- Born: Thiruvananthapuram
- Citizenship: India
- Education: Mar Ivanios College
- Occupations: Film director; film producer; screenwriter; lyricist;
- Years active: 2018
- Title: Founder of Mania Movie Magix International Co-founder of ManiaLab^{[citation needed]}
- Website: khaismillen.com

= Khais Millen =

Indian filmmaker

Khais Millen is an Indian film writer and director who has been active in Malayalam cinema since 2018.

== Biography ==
In 2014 Millen wrote and directed the short Lipstick, a film about child sexual abuse.

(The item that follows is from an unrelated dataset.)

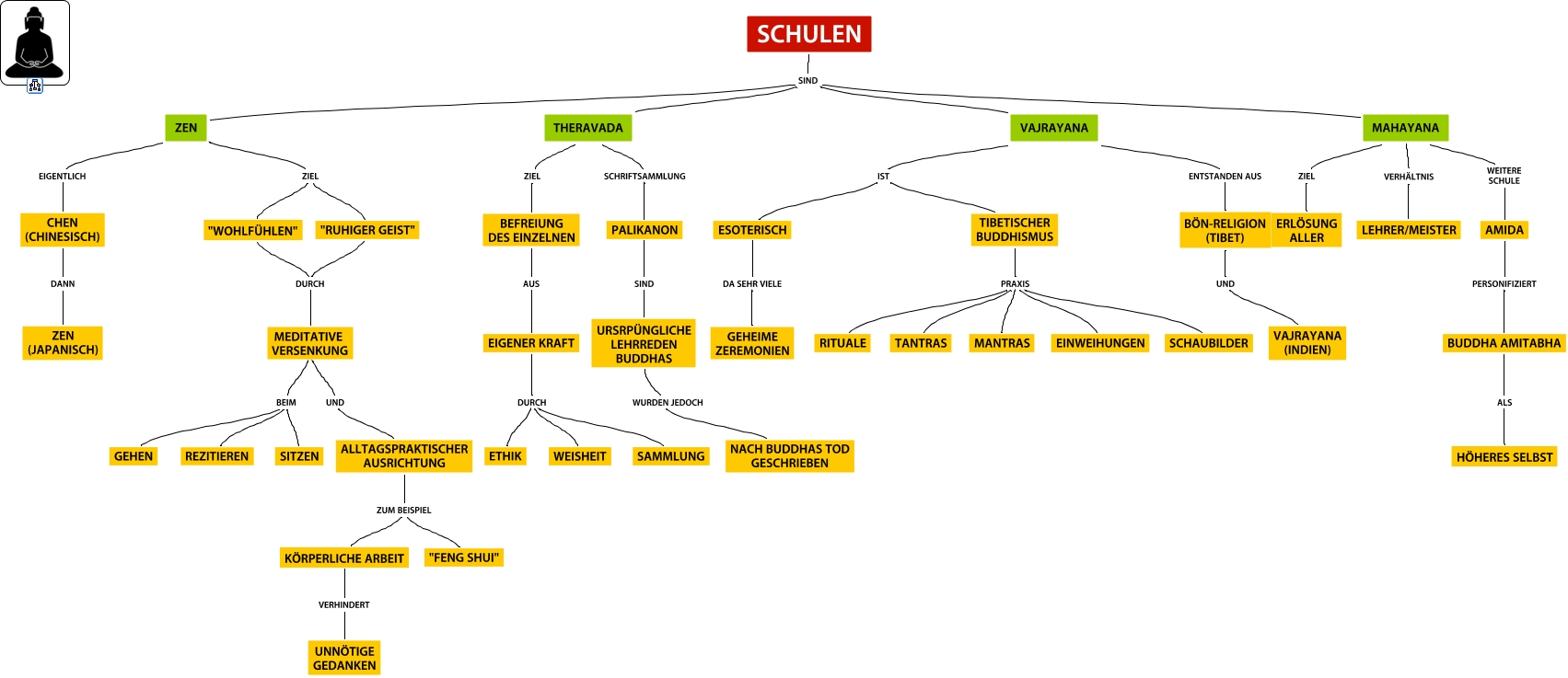 Dieses mit IHMC CmapTools erstellte CMap hat Informationen bezüglich: Schulen, SCHULEN SIND ZEN, BÖN-RELIGION (TIBET) UND VAJRAYANA (INDIEN), BUDDHA AMITABHA ALS HÖHERES SELBST, ZEN ZIEL "WOHLFÜHLEN", THERAVADA SCHRIFTSAMMLUNG PALIKANON, "WOHLFÜHLEN" DURCH MEDITATIVE VERSENKUNG, EIGENER KRAFT DURCH SAMMLUNG, VAJRAYANA ENTSTANDEN AUS BÖN-RELIGION (TIBET), URSRPÜNGLICHE LEHRREDEN BUDDHAS WURDEN JEDOCH NACH BUDDHAS TOD GESCHRIEBEN, MAHAYANA WEITERE SCHULE AMIDA, TIBETISCHER BUDDHISMUS PRAXIS EINWEIHUNGEN, TIBETISCHER BUDDHISMUS PRAXIS TANTRAS, AMIDA PERSONIFIZIERT BUDDHA AMITABHA, MEDITATIVE VERSENKUNG BEIM GEHEN, ESOTERISCH DA SEHR VIELE GEHEIME ZEREMONIEN, SCHULEN SIND MAHAYANA, KÖRPERLICHE ARBEIT VERHINDERT UNNÖTIGE GEDANKEN, MEDITATIVE VERSENKUNG BEIM SITZEN, CHEN (CHINESISCH) DANN ZEN (JAPANISCH), VAJRAYANA IST TIBETISCHER BUDDHISMUS

Aakashvani (2016) was his first full-length feature film as director. Starring Kavya Madhavan in lead, it was a family drama which was commercially unsuccessful at the box office, and later aired on Flowers TV.

During the COVID-19 pandemic, Millen directed a thriller film Thala, his second feature film, prized at the 52d Kerala State Film Awards.

After Thala, his second screenplay was Adithattu, a seafaring film directed by Jijo Antony, starring Shine Tom Chacko and Sunny Wayne leads. The film was awarded Second Best Film at the 53rd Kerala State Film Awards.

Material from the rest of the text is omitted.